Größer als das?

#savetheplanet

Um manche Momente zu beschreiben, erweist sich manchmal nur die Poesie als geeignete Sprache. Dieser Moment, um den es hier gehen soll, ist so einer. Letztes Wochenende war ich nordwestlich von Berlin an einem Ort namens Linum. Das hört sich bedeutungslos an vielleicht, ist es aber nicht! Denn – im Spätherbst machen sich die Kraniche aus Nordeuropa auf den langen Weg gen Süden. Und das hier ist der Ort ihrer Rast. Hier versammeln sie sich in einer Anzahl wie nirgendwo sonst auf dem gesamten Kontinent. Eine innere Uhr sagt ihnen, wann es Zeit ist aufzubrechen und sie wissen genau, wohin. Woher, das weiß niemand so genau! Wenn die Sonne aufgeht, brechen sie auf, und wenn sie untergeht, kommen die nächsten. DAS IST MAGIE, was sonst? “Magische Dinge” so in der Art beschreibt es Annie Dillard in dem ganz fantastischen Buch PILGRIM AT TINKER CREEK, “sie passieren, ob wir hinsehen oder nicht!”

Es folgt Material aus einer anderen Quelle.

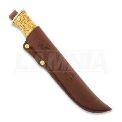Black spined, razor sharp carbon steel blade comes from Laurin Metalli. Curly birch handle is treated with linseed oil and finished with polished brass bolster. Beautifully decorated, leather sheath with plastic insert.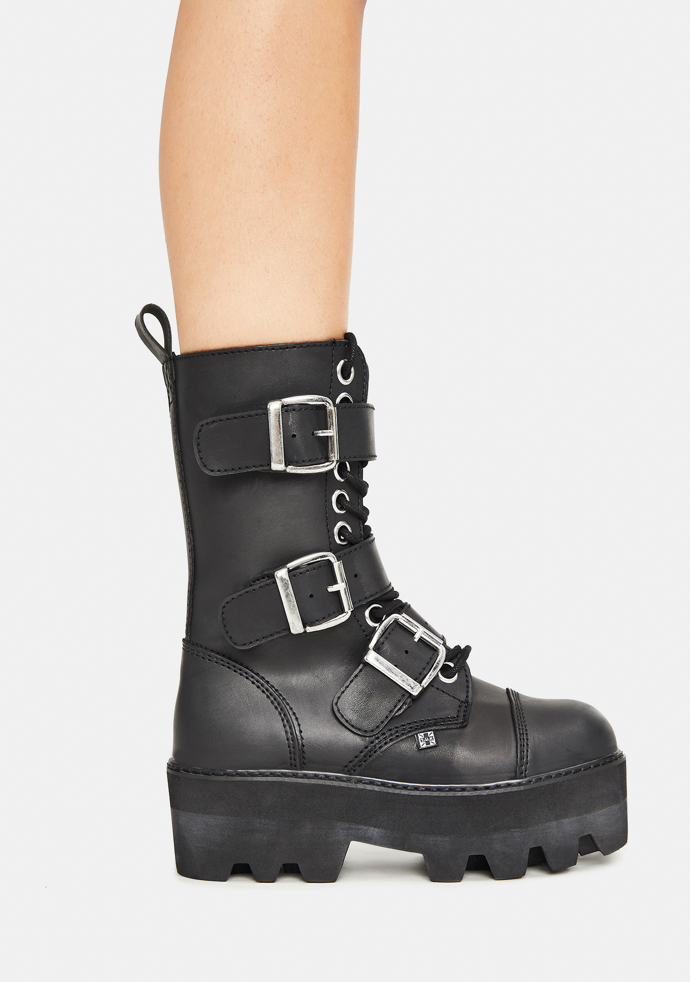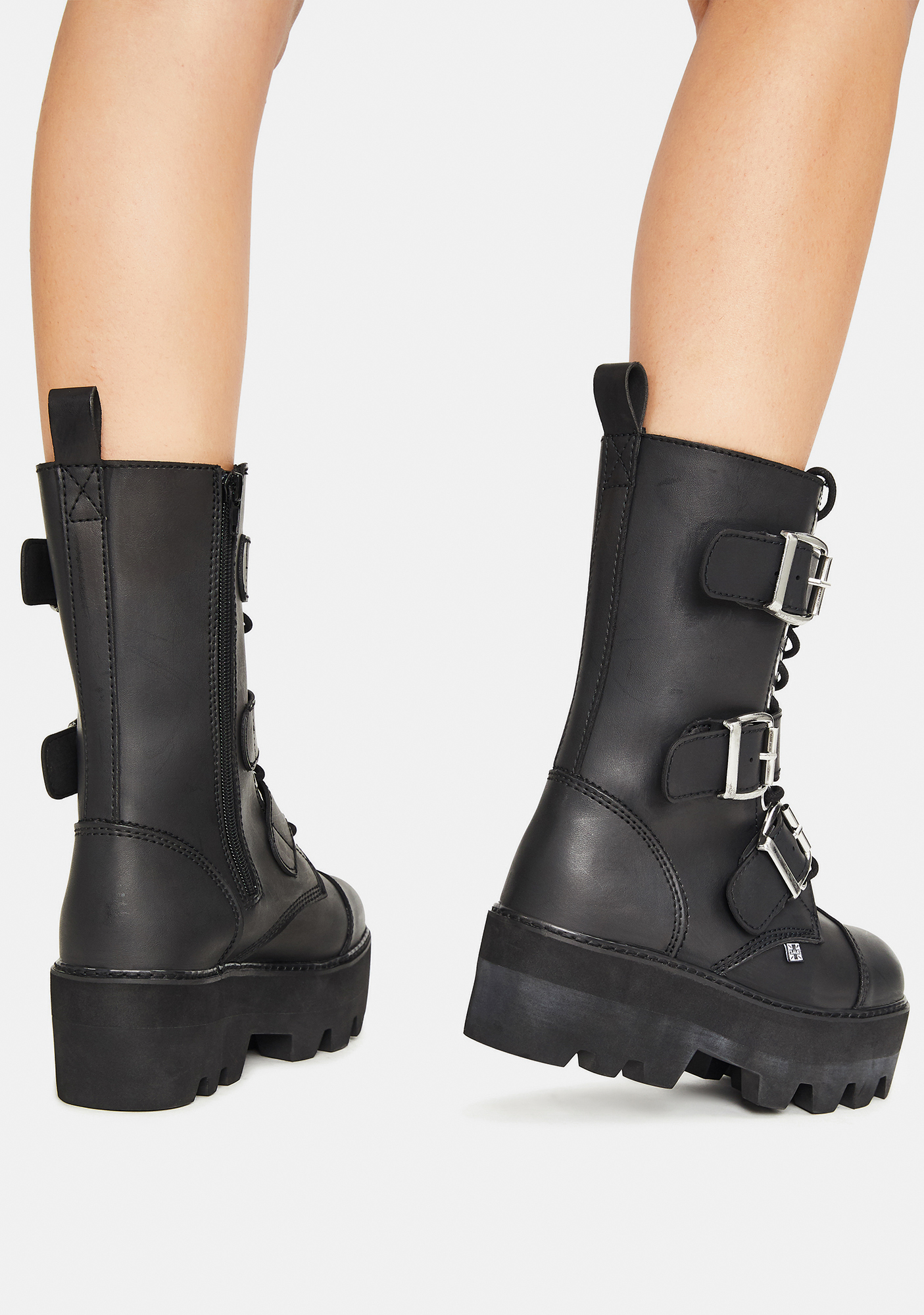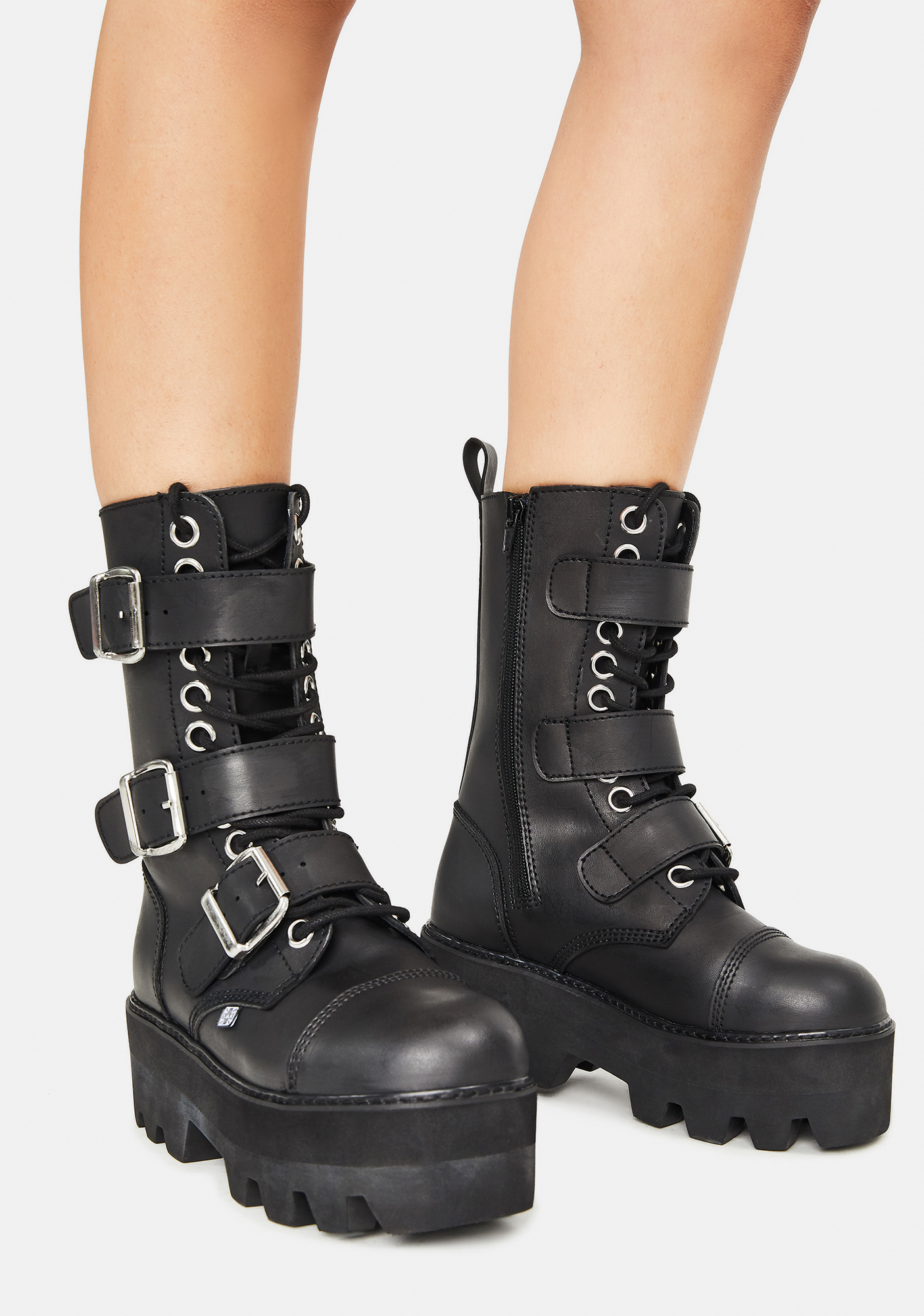 Black 12-Eye 3 Strap Dino Boots feature a vegan leather construction, front lace up closures with layered buckle straps, and platform soles.

Fährt man dorthin, also nach Linum, dann kann man nicht glauben, dass hier etwas passiert, dass sich dieser Ort mit einbrechender Dämmerung in einen anderen verwandeln wird. Weil sie kommen, zu tausenden, Tag für Tag. Und dann bin ich wieder bei Dillard – denn entweder ist man dort in diesem Moment oder man ist es nicht. Ist man da, dann ist man irgendwo nicht mehr derselbe als vorher. Weil es Magie ist, die Muse selbst, die einem sagt, dass nichts wichtiger ist als das! WIR MÜSSEN, UND ZWAR MIT ALLER KRAFT, DIESE WELT BEWAHREN! JEDER VON UNS, TAG FÜR TAG! DENN WAS WÄRE DIE WELT OHNE MAGIE?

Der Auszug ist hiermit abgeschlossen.